Gavin Newsom’s vanity tour is quite audacious for such a failure of a leader

Gov. Gavin Newsom might have just made his most audacious move yet.

Newsom, who has a fondness for making “big, hairy audacious” statements, just completed a tour through the south promoting his PAC and talking about his accomplishments in California.

What made this trip so audacious?

Not that this was just the latest installment of his national vanity tour that he insists is not the foundation for a presidential run, though that’s certainly audacious.

Not that his vanity tour once again draws him away from the state that he was actually elected to govern, though that is too.

And not that his concerns over book banning, First Amendment restrictions and threats to democracy in four southern states hold a mirror to his own authoritarian impulses in California.

No, the most audacious part of his vanity tour is that he has the nerve to criticize other governors despite having never really accomplished anything in California.

That’s big! Hairy! Audacious!

A consistent theme throughout Newsom’s time as governor is that what he says will happen and what actually happens is rarely in alignment.

Here’s a small example: MSNBC host Jen Psaki asked Newsom to respond to criticism that he’s wasting time traveling the south when he should be in California fixing problems. Newsom responded that the trip was actually family time, what with Easter and spring break for the kids.

Sounds like a real hoot for the kids!

Spring break apparently included a Democratic fundraiser in Florida, a trip to an Arkansas classroom, meeting with activists at a civil rights museum and more, plus local media hits and photo opps for dad. Voters could follow along on Instagram.

It reminds me of a story about former DNC Chair and former Virginia Governor Terry McAuliffe, who one time stopped at a fundraiser to pick up checks and make a speech while on his way home from the hospital, leaving his newborn baby and wife – who was crying – in the car.

Anyway, back to Newsom.

And while Newsom was in the south promoting his PAC doing spring break, Californians got three more examples of Newsom’s words not aligning with reality.

First, it turns out that federal law actually prohibits Newsom’s big stand against Walgreens.

A few weeks ago, Newsom tweeted that he was “done” with Walgreens “or any company that cowers to the extremists and puts women’s lives at risk,” after the drug store announced it would comply with the abortion laws in individual states.

A big, hairy audacious stance indeed!

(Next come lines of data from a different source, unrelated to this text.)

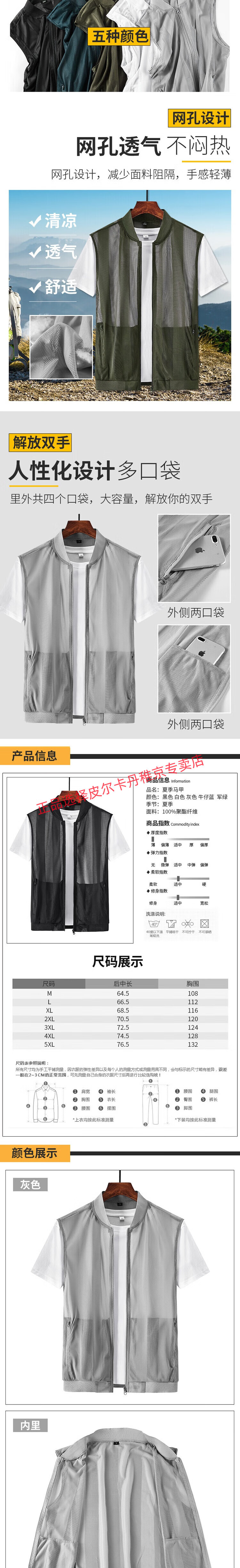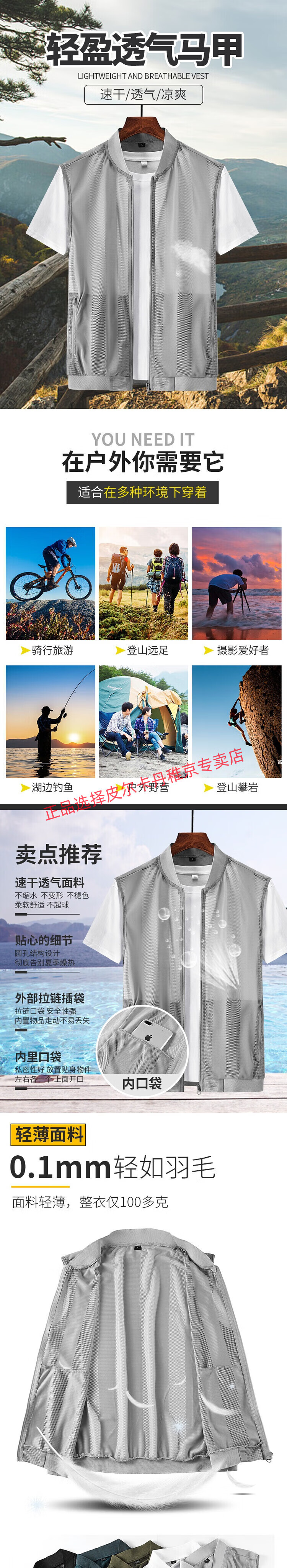 Pierre Cardin ultra-thin breathable mesh vest fashionable multi-pocket 2025 summer loose stand-up collar comfortable quick-drying thin jacket trendy gray thin XL (recommended 135-150Jin Jin equals 0.5 kg)
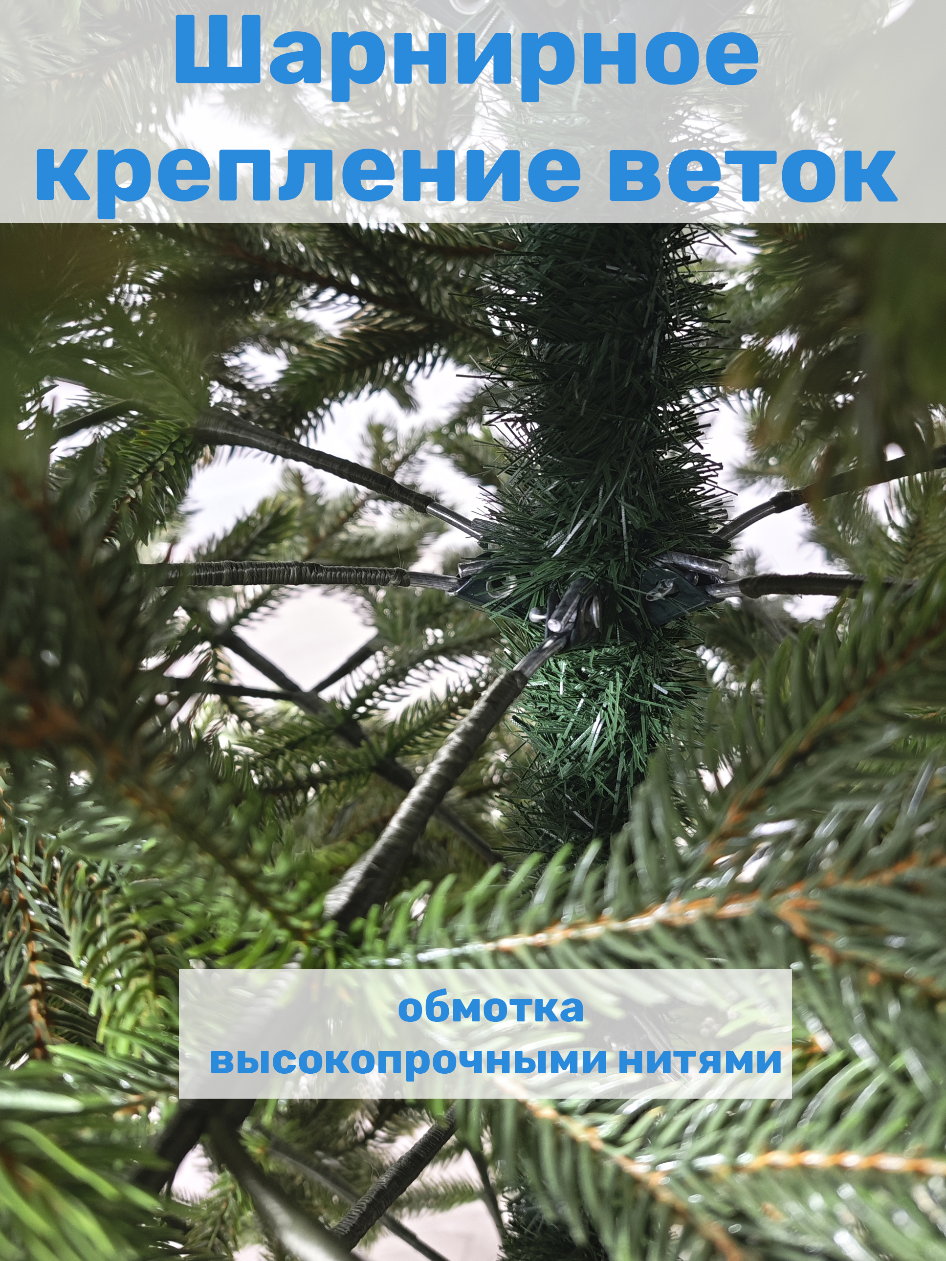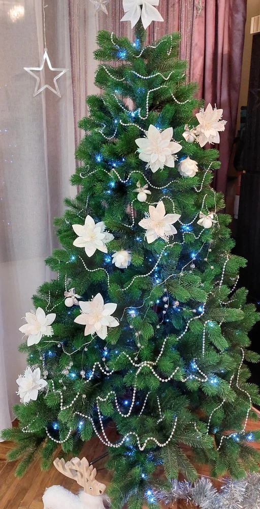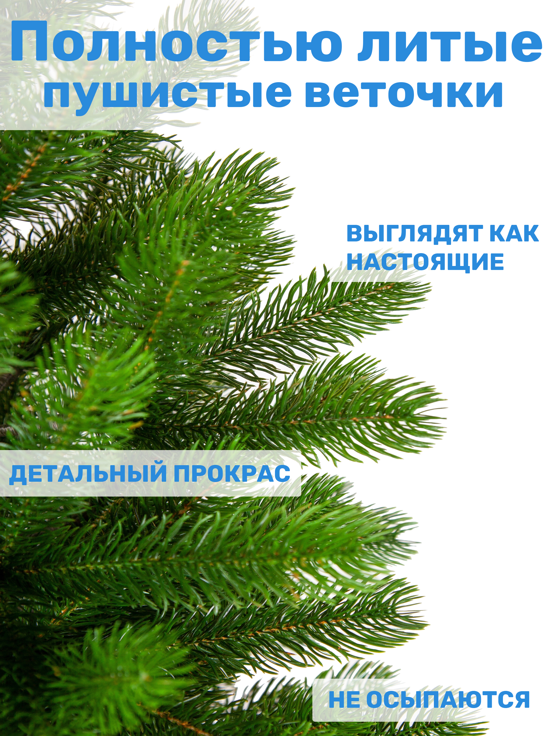 Елка выполнена из качественного материала - литой ПЭ, что обеспечивает ей пышные ветви и длинные упругие иголки, выглядящие точь-в-точь как настоящие.
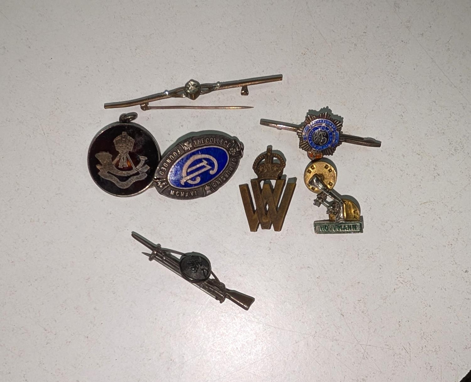 A Womens Volunteer badge, no 50228, a College of Nursing silver badge no 13381, 5 others.
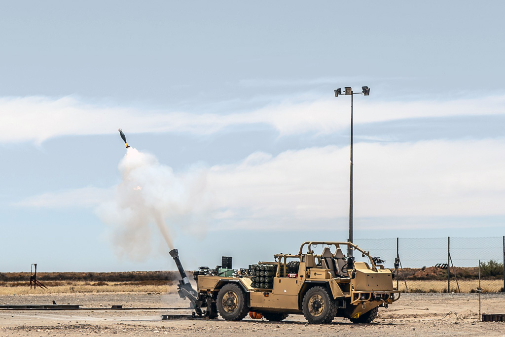 The upgraded GDAMS was the installed on a Supacat Jackal high-mobility transporter, as the next trials were aimed at demonstrating the system to a potential customer, the British Army, which has already in use the Supacat platform. Trials were conducted at the Alkantpan Test Range, in the Northern Cape region of South Africa, and were carried out in cooperation with Babcock International Group, which signed a collaboration agreement with ST Engineering in March 2024 with an initial focus on mortar systems, and with Supacat, the platform provider. During the demonstration many types of rounds were fired, high explosive, smoke, and guided munitions, which according to an ST Engineering press release achieved a three-round grouping of 1.1 meters at a range of 5.5 kilometers.

But according to Kaiser Health News, the state must continue working with the drug store through Medi-Cal.

If only someone were fact-checking Newsom’s tweets before they were tweeted.

Second, we learned (again) that the Newsom-backed shutdown of schools during COVID had disastrous effects on students, with a third(!) suffering from chronic absenteeism.

Throughout COVID Newsom made little effort to reopen schools until it was “safe,” even though data suggested kids were low-risk, and it is important to remember that Newsom’s kids were in person in private school while much of the rest of the state was still apparently unsafe.

The Public Policy Institute of California, which published the data on absenteeism, noted a trend that in the schools with the biggest jump in 2021-22 there was a corresponding drop in statewide test scores in math and English proficiency.

Overall, the statewide scores were troubling – not even half of California’s students meet standards in English and merely a third in math.

While the absenteeism was COVID-related, the troubling test scores were part of a years-long trend. In fact, the most-recent scores were a decline of four percentage points in English and seven percentage points in math since 2018-19.

Speaking of COVID, this was Newsom’s top talking point about his first term in office, arguing the drastic actions he took saved lives and kept Californians safe (even if it significantly set back the state’s public school student population).

But now it appears that that’s not even true.

California ranked relatively well in its overall COVID mortality rates per 100,000 residents. What Newsom loved to say was it had one of the lowest death-per-100k rates of the big states, meaning better than Texas and Florida.

However, a new study by The Lancet, one of the premier medical journals in the world, found that once adjusted for various health and demographic factors, for which Newsom can’t take credit, California was relatively even with Texas and substantially worse than Florida.

This study comes on the heels of another respected study that found masking requirements had little effect on controlling COVID, which means that Newsom’s overbearing approach to masking and shutdowns actually did very little to prevent the spread of COVID and COVID-related deaths, even as these actions had tremendous negative effects on civil liberties, education, mental health and the economy.

This means that Newsom’s greatest accomplishment was no accomplishment at all, which is not unprecedented with Newsom.

In an interview with CapRadio following his first 100 days in office, Newsom said his greatest accomplishment was suing then-President Donald Trump almost 50 times – even if the vast majority of those suits were initiated before his first 100 days as governor.

It’s doubtful Newsom mentioned any of this on his vanity tour spring break, but voters in red states should learn what voters in California have had to learn: Don’t take what Newsom says too seriously.